Search Unity

Question Making ML agent handle collsion in racing game.

Discussion in 'ML-Agents' started by nscrivanich112325, Mar 25, 2021.

  1. nscrivanich112325

    nscrivanich112325

    Joined:
    Aug 14, 2018
    Posts:
    12
    Hello,

    I'm currently using ML agents for a car racing game where the AI is supposed to race against the player around the track. I'm having trouble trying to get the ML-Agents to properly handle collisions. Whenever I try to train the AI and they drive head-on into a barrier, they get stuck and fail to go in reverse to get unstuck. I have a picture below:

    upload_2021-3-25_17-31-50.png

    I tried placing a trigger in the front of the car and give a penalty to the AI for hitting the throttle and not the brake while hitting a barrier (The brake and reverse are mapped to the same command).

    Code (CSharp):
    1. AddReward((-AIThrottle + AIBrake) * 0.5f);
    However, this was unsuccessful and results in the AI not moving at all in the later steps of training.

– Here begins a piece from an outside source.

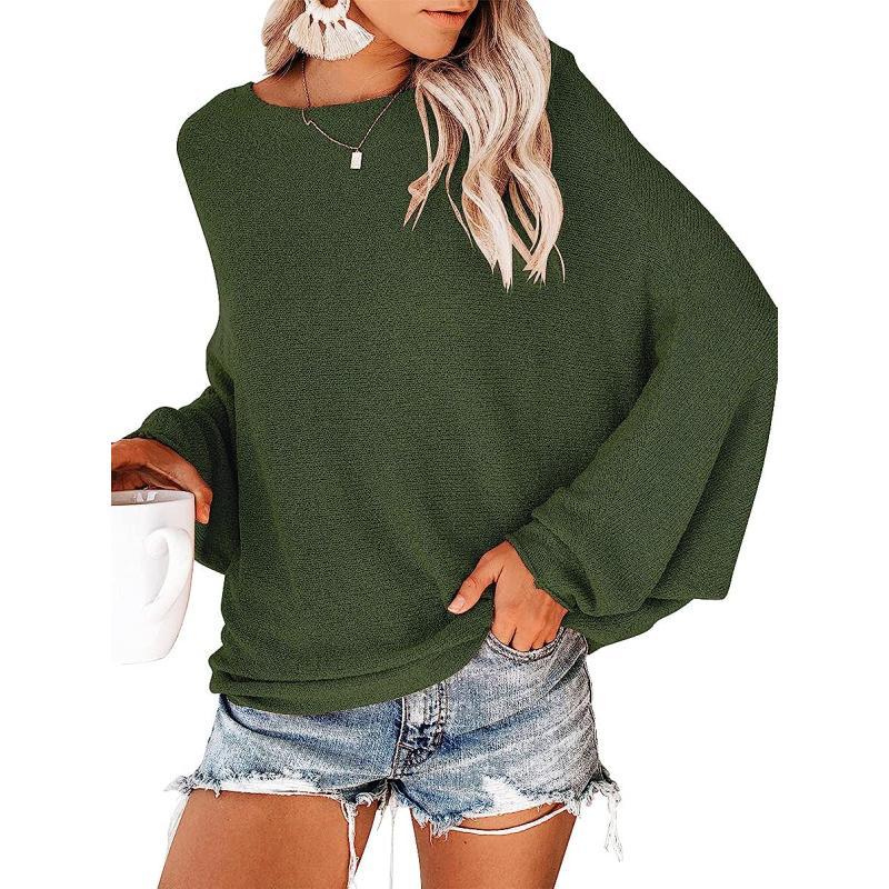 Design:Batwing Sleeve Sweater Tops, Crew Neck/ off-shoulder, Long Sleeve, Loose Fit, solid color.

    Does anybody know a good way to implement this desired behavior using ML-agents or just some advice on how to properly implement collisions using ML-agents?

    Here are the rewards/penalties I'm currently using:
    • Reward to encourage faster driving:
      Code (CSharp):
      1. AddReward(Mathf.Clamp01(carController.speed / 200f) * 0.1f);
    • Penalty when initially colliding with a barrier.
    • Reward for going through a checkpoint.
    • Penalty for facing the wrong direction
    An episode ends when a car does not make it through a checkpoint within a certain time frame or when the car finishes the race (3 laps).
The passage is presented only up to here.